WHAT THE TASK REQUIRES. An exact reproduction of the lines below, from the first through the one with "Roots Kids hoodie", is the whole answer; pictures have no place in it.

GIVEN RECORDS.

********

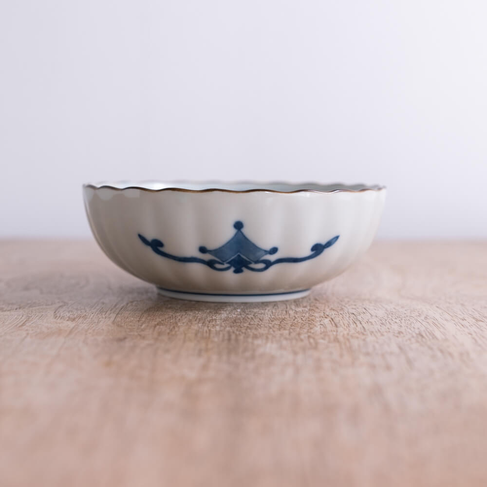やわらかな白磁に、端正な麻の葉文様を染め上げた小鉢です。縁は菊の花びらのように立ち上がり、手に取るたびに上品な陰影が生まれます。副菜や取り鉢として使いやすい4.5寸サイズで、日常の和食をすっと美しく整えてくれる器です。
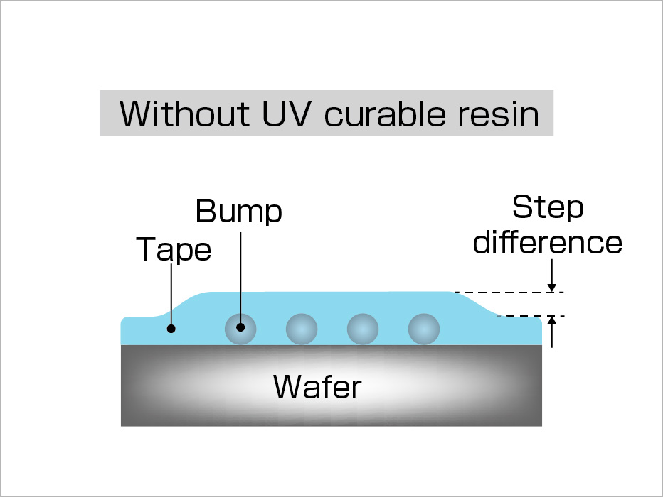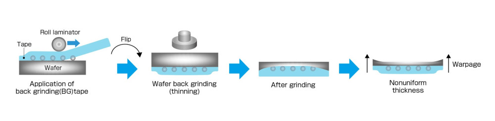 然而,在正面(電路面)上形成有「錫球(Bump)」等突起電極的晶圓,其中央與邊緣常存在高低落差。在進行背面研磨前貼附保護表面的「研磨用保護膠帶(Back Grinding Tape)」時,晶圓邊緣會產生段差,這也成為研磨過程中產生裂紋(Crack,如缺角或裂縫)的原因。
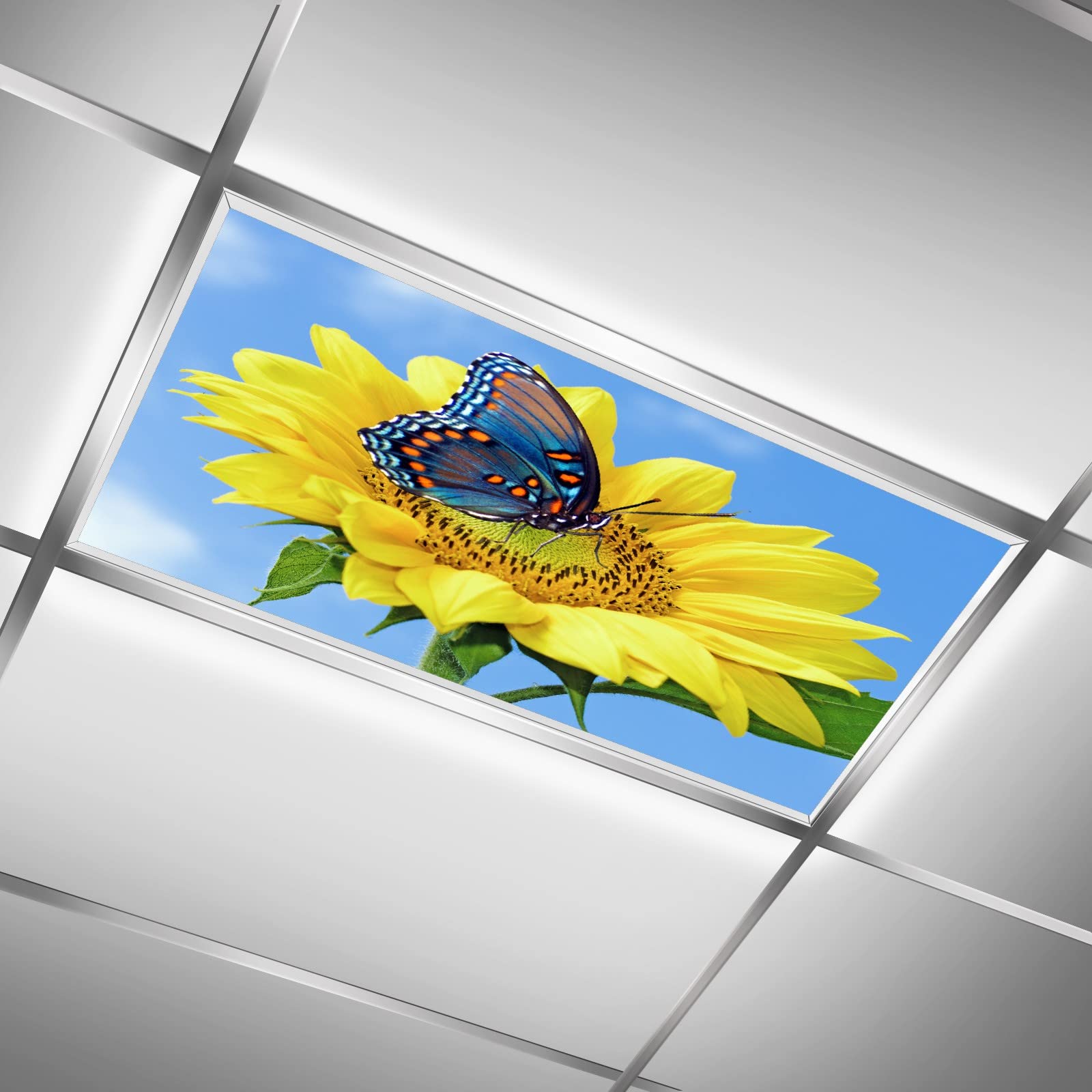 ZGONOHYE Butterfly Sunflower Ceiling Fluorescent Light Covers for Classroom Office Floral Decorative Ceiling Light Coverings Skylight Film Filter|Home & Garden
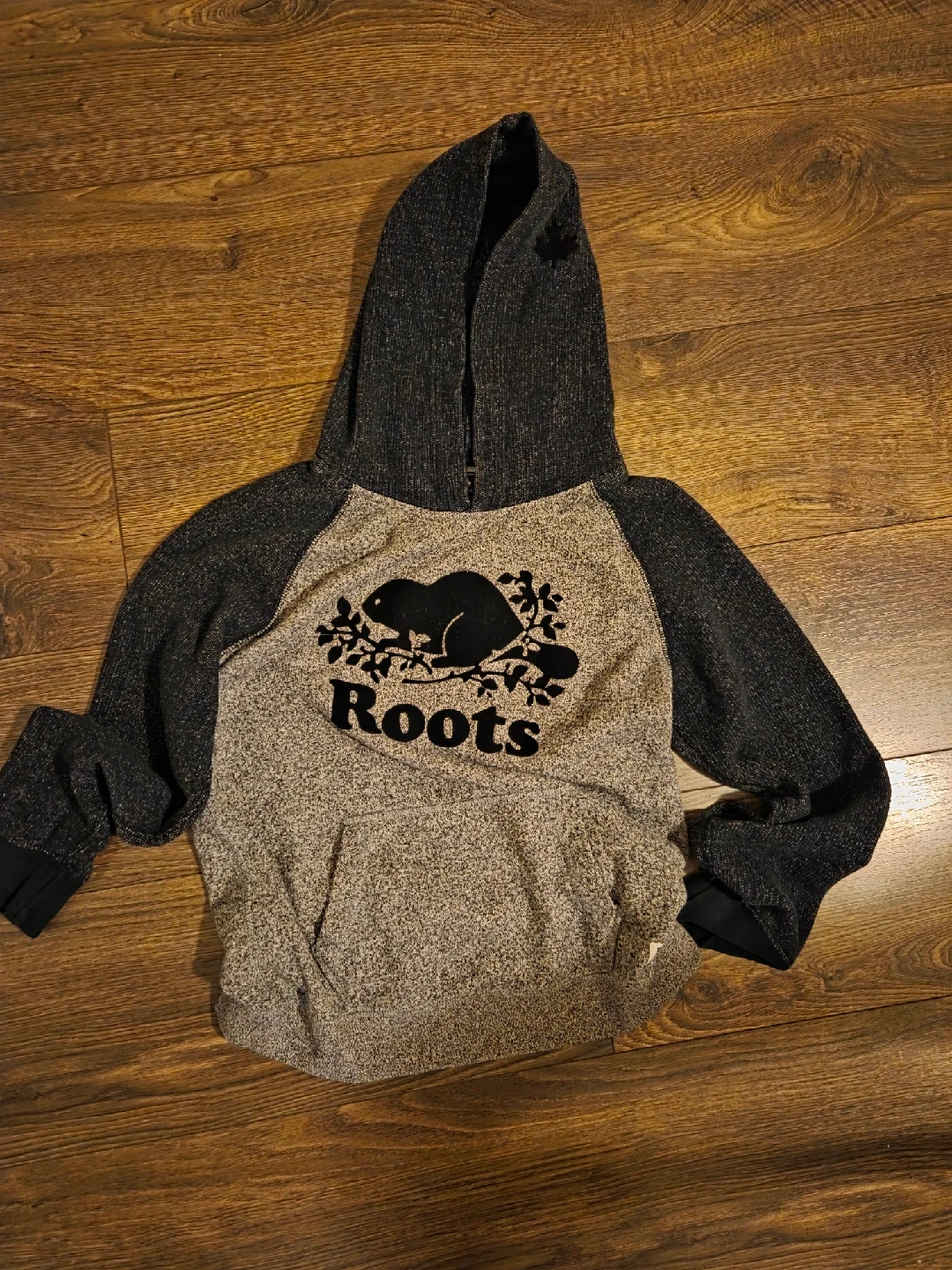 Roots Kids hoodie in size XL (11-12 years). It features a classic Roots beaver logo on the front. Great for keeping your little one warm and stylish!
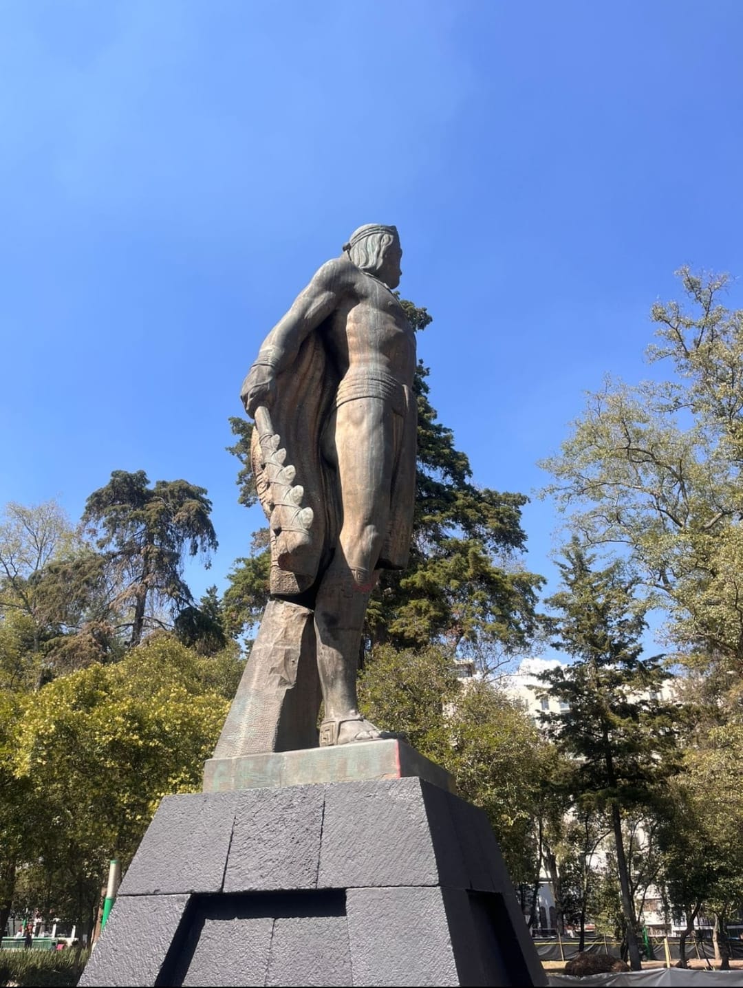 La fotografía muestra una escultura de Cuauhtémoc que, pese a su fuerza simbólica, presenta pintura y desgaste en su superficie. Estas marcas funcionan como una forma de contaminación urbana, reflejo del mismo descuido que daña ríos, suelos y aire. El contraste entre el monumento histórico y el deterioro que lo afecta invita a pensar en cómo nuestras acciones impactan no solo a la naturaleza, sino también a la memoria cultural. Así, la imagen nos cuestiona: ¿podemos proteger nuestra tierra si ni siquiera cuidamos los símbolos que representan su defensa?
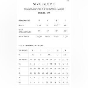 The GREAT. “The Platoon Jacket” new with tags - bought in NY flagship store but never worn. In perfect condition. Very flattering fit - almost like a swing jacket. Photos on model from The Great site don’t show how flattering it actually is - roomy but beautifully cut and not too long! Sold out online. Model is 5’7 and wearing same size as this one. Size 1 in The Great is supposed to be a “small” but I normally wear a size 12 jacket and this fits me well. I would say it is more like a Large or an oversized fit. I have measurements in photos and have included the official The Great measurements chart.
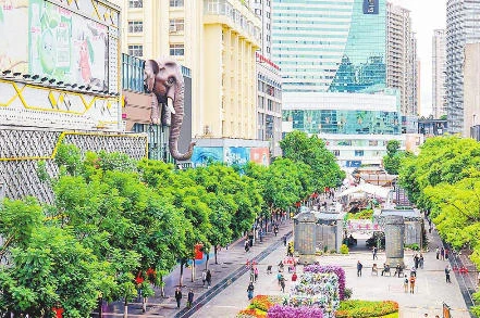 昆明南屏步行街“大象”創意外墻裝置亮相。 記者 胡妤雅 攝
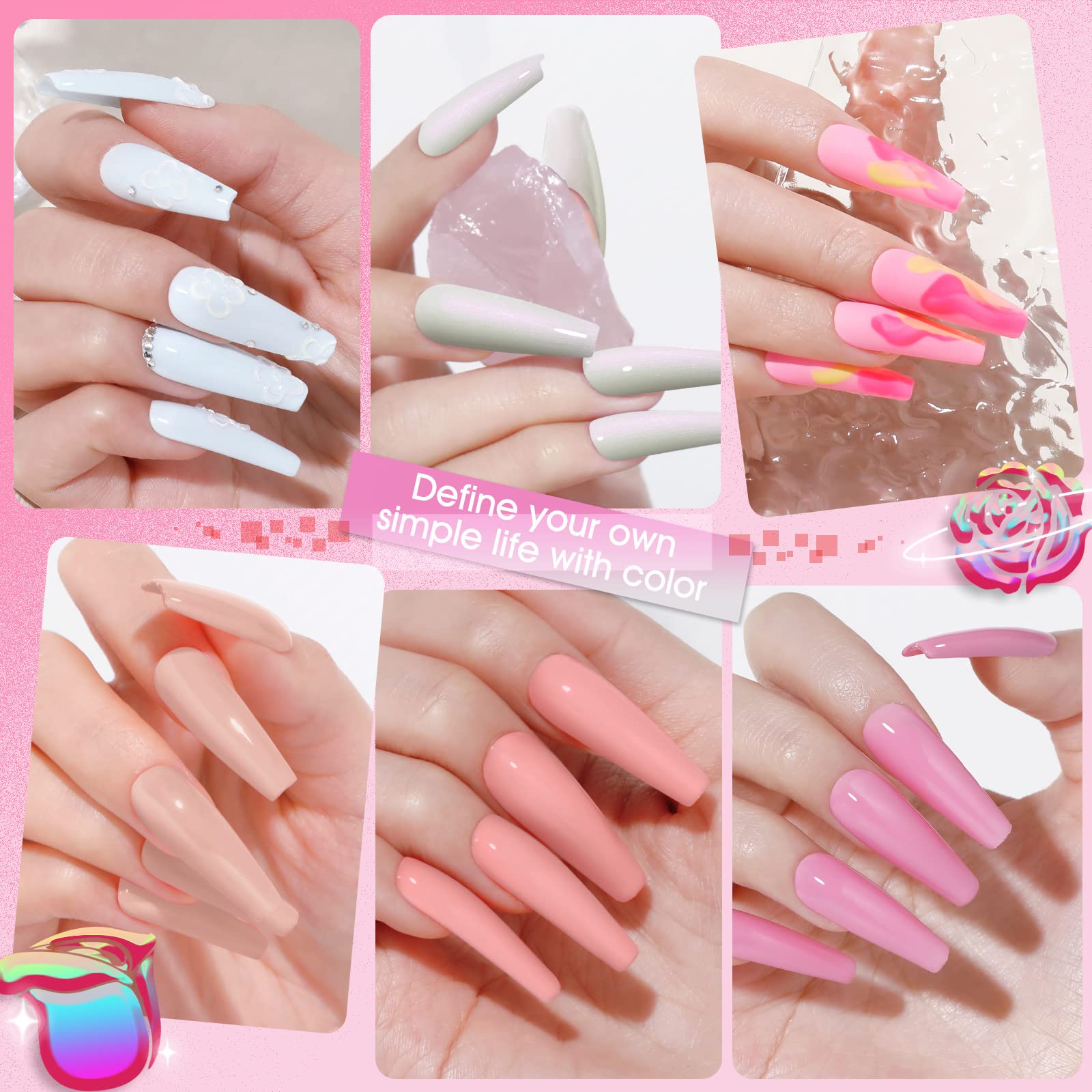 GELFAVOR UV Nail Polish, UV LED Nail Gel Polish Set Semi-Permanent Glitter White Pink Nail Polish Healthy Long-Lasting Gel Nails 6 Colors 10ml
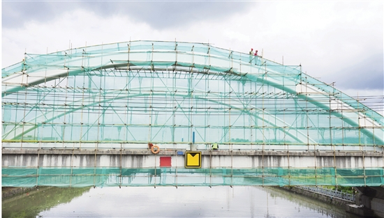 日前,百悬线丰惠镇余姚江上公路桥,工人正在加紧进行翻新加固作业,确保大桥安全美观。

********

EXERCISE RESULT.
やわらかな白磁に、端正な麻の葉文様を染め上げた小鉢です。縁は菊の花びらのように立ち上がり、手に取るたびに上品な陰影が生まれます。副菜や取り鉢として使いやすい4.5寸サイズで、日常の和食をすっと美しく整えてくれる器です。
 然而,在正面(電路面)上形成有「錫球(Bump)」等突起電極的晶圓,其中央與邊緣常存在高低落差。在進行背面研磨前貼附保護表面的「研磨用保護膠帶(Back Grinding Tape)」時,晶圓邊緣會產生段差,這也成為研磨過程中產生裂紋(Crack,如缺角或裂縫)的原因。
 ZGONOHYE Butterfly Sunflower Ceiling Fluorescent Light Covers for Classroom Office Floral Decorative Ceiling Light Coverings Skylight Film Filter|Home & Garden
 Roots Kids hoodie in size XL (11-12 years). It features a classic Roots beaver logo on the front. Great for keeping your little one warm and stylish!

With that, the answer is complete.